**WORK REQUEST**
Retype only the lines below from the one with "Look into cities" to the one with "An den glänzenden, stabil", inclusive, skipping every image.

**MATERIAL SUPPLIED**
========================================

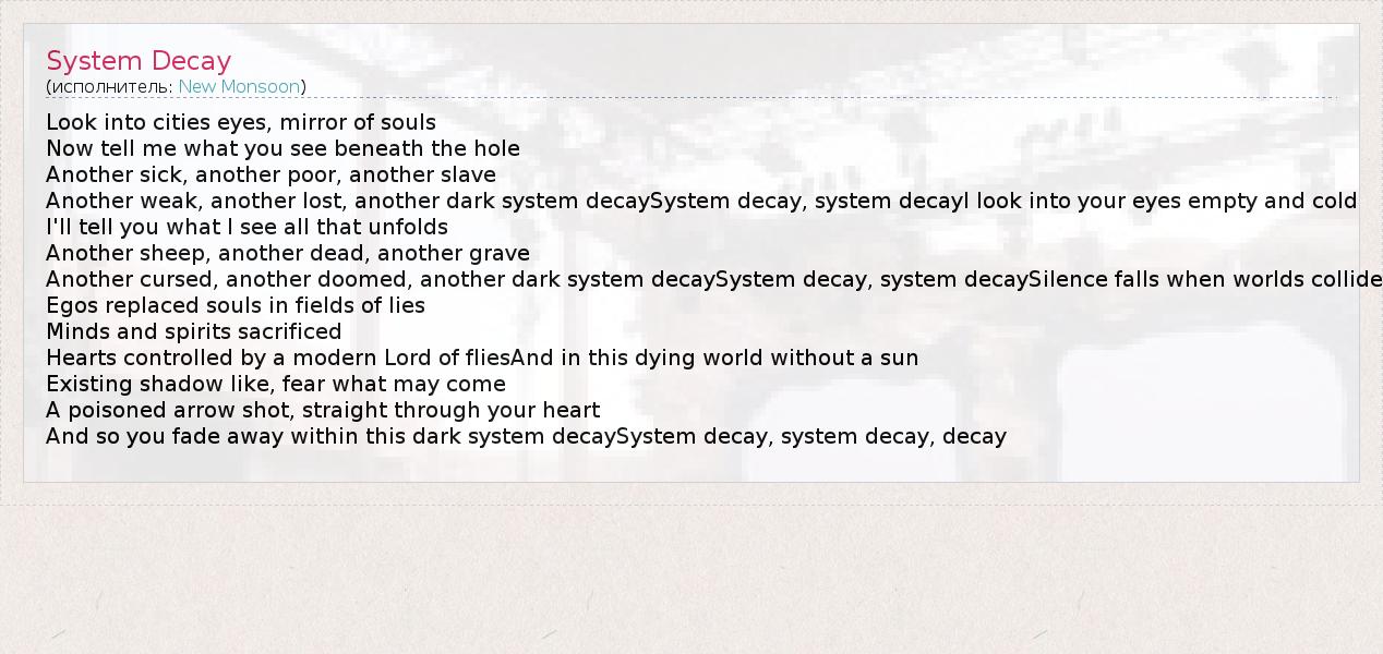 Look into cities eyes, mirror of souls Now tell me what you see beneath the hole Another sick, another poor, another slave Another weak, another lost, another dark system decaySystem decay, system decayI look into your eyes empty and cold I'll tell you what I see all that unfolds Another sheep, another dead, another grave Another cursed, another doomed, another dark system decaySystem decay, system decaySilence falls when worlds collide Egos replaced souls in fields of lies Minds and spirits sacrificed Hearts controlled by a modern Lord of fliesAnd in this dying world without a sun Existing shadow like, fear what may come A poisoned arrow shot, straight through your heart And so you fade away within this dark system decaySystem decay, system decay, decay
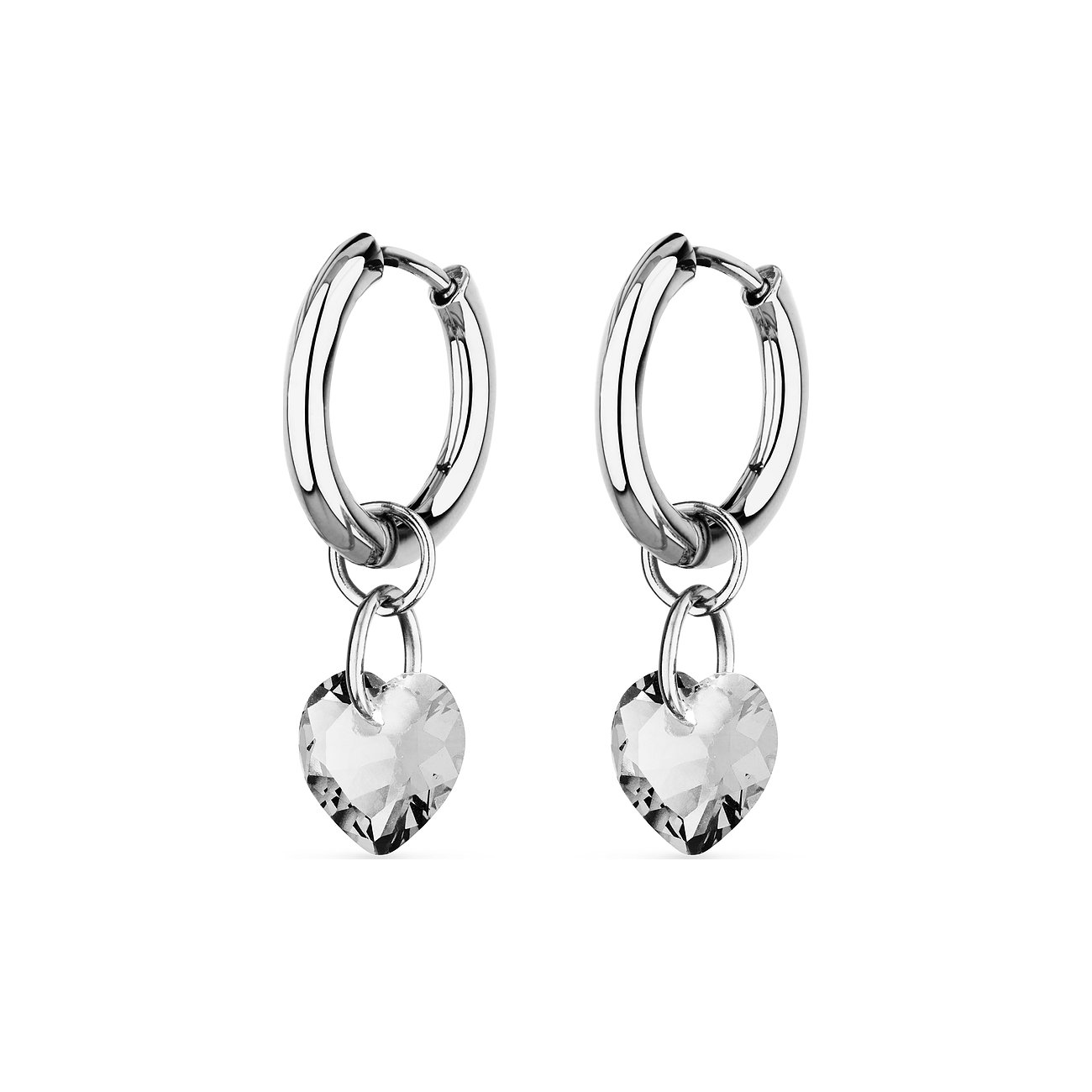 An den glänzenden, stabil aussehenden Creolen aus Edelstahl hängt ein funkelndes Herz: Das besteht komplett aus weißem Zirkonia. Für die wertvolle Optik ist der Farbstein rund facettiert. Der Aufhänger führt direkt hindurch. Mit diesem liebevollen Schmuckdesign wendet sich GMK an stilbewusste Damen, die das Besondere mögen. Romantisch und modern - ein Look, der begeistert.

========================================

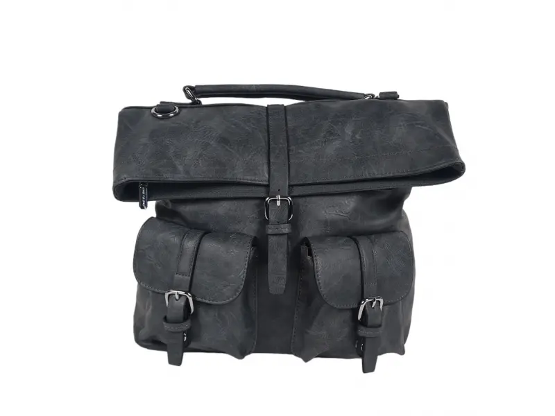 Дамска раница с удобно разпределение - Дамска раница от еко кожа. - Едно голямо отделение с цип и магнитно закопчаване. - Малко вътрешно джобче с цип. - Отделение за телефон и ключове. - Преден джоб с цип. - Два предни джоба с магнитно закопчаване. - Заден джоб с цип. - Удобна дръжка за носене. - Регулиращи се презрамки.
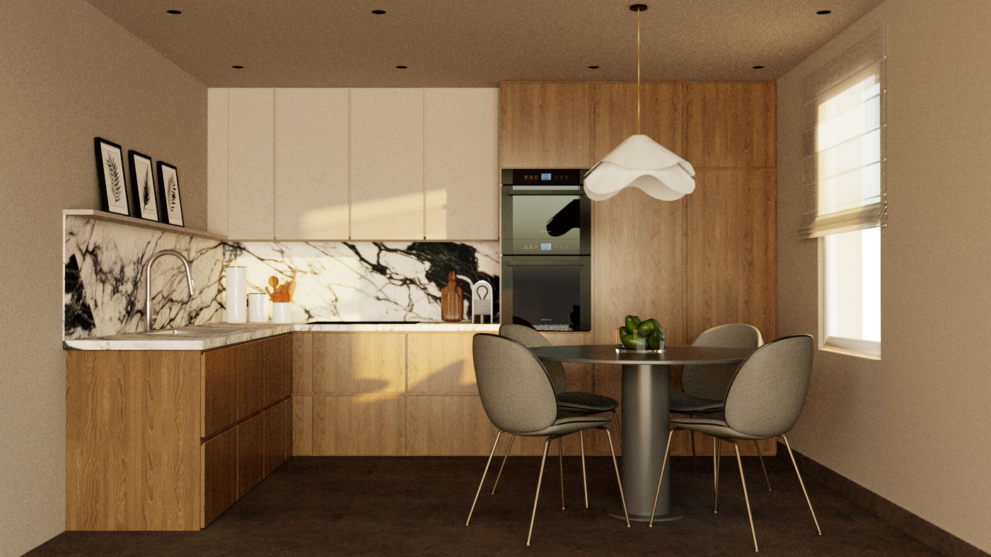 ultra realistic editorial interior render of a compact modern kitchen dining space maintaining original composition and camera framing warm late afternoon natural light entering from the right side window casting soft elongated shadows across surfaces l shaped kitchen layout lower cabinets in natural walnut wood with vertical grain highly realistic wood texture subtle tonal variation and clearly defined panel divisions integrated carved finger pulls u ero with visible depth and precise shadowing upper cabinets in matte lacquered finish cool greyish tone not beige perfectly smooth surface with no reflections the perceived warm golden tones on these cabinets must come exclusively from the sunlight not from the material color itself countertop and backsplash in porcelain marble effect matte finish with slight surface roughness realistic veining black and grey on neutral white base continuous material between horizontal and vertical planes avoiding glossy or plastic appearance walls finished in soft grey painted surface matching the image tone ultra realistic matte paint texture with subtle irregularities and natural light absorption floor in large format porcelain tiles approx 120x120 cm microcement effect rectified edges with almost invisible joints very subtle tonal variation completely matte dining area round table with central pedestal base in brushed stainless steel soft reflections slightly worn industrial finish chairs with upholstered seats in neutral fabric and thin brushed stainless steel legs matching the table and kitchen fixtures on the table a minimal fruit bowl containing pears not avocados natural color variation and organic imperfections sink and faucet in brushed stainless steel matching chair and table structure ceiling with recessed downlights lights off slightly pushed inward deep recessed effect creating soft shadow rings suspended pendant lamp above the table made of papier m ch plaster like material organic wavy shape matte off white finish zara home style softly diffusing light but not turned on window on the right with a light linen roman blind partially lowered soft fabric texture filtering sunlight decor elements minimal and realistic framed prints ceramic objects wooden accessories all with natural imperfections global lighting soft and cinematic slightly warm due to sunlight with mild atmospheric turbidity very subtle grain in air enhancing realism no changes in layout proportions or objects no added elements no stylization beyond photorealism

========================================

**TASK RESPONSE**
 Look into cities eyes, mirror of souls Now tell me what you see beneath the hole Another sick, another poor, another slave Another weak, another lost, another dark system decaySystem decay, system decayI look into your eyes empty and cold I'll tell you what I see all that unfolds Another sheep, another dead, another grave Another cursed, another doomed, another dark system decaySystem decay, system decaySilence falls when worlds collide Egos replaced souls in fields of lies Minds and spirits sacrificed Hearts controlled by a modern Lord of fliesAnd in this dying world without a sun Existing shadow like, fear what may come A poisoned arrow shot, straight through your heart And so you fade away within this dark system decaySystem decay, system decay, decay
 An den glänzenden, stabil aussehenden Creolen aus Edelstahl hängt ein funkelndes Herz: Das besteht komplett aus weißem Zirkonia. Für die wertvolle Optik ist der Farbstein rund facettiert. Der Aufhänger führt direkt hindurch. Mit diesem liebevollen Schmuckdesign wendet sich GMK an stilbewusste Damen, die das Besondere mögen. Romantisch und modern - ein Look, der begeistert.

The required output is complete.